Edmundo Ros’ journey through the South offers a successful transcendence, one that is not as common or superfluous as one might think at first. The secret of Heading South Of The Border, for better or worse, is not to be found in the talent of the conductor, arranger or orchestra, let alone the instrumental pool. It is simply based on the year of its release. 1970 proves to mark the decade of the big band decline. There is anything to stop the upcoming Disco craze and Funk phantasms, there is no way to rescue the decreasing importance of Exotica (was it ever important per se?), Les Baxter‘s Que Mango! (1970) and Nardini’s & Roger‘s Jungle Obsession (1971) notwithstanding. This is the bad news. But these gray thoughts turn into vivacious ones immediately. Of course, we are allowed to view this and all other releases from a contemplative or historic angle, and we might as well enjoy them.
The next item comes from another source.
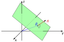 where is a unit normal vector to the plane, a position vector of a point of the plane and D0 the distance of the plane from the origin.
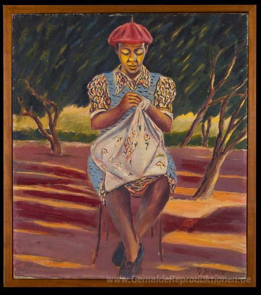 Willkommen in der faszinierenden Welt der Ölgemälde, wo Kunst und Emotion in jedem Pinselstrich verschmelzen. Eines unserer herausragenden Werke ist Frauen-Nähen, geschaffen von dem visionären Künstler Gerard Sekoto. Sekoto, ein Pionier der südafrikanischen Malerei, ist bekannt für seinen einzigartigen Stil, der eindrucksvolle Szenen des Alltagslebens mit leuchtenden Farben und gefühlvollen Kompositionen vereint. Seine Kunst zeugt von einer tiefen Verbundenheit zu den Traditionen und dem kulturellen Erbe seiner Heimat.

In terms of Edmundo Ros’ Heading South Of The Border, this translates to the absorption of the Pop- and Rock-oriented material by The Doors and The Beatles.

 

To be honest: compilations of Beatles interpretations are highly toxic and picayune, but exotic versions, well, they change eeeeverything all of a sudden, and so I cannot help myself but adore Edmundo Ros’ take on Hey, Jude as much as I am keen on the really quirky inclusion of Waldteufel’s The Skater’s Waltz. The sound quality is top notch, the horns gleam, and the only wish I have would be a greater focus on the bongos and congas which actually grace each and every song, but remain under the radar arrangement-wise. Well, this problem is at least solved on Edmundo Ros' Bongos From The South (1961). All in all, the Cha Cha Cha material, the coruscating guitars and carefree pianos ought to be enchanting enough to even lure vintage Exotica fans who stopped caring for the genre after ’64. Heading South Of The Border is available on vinyl and a remastered download versions.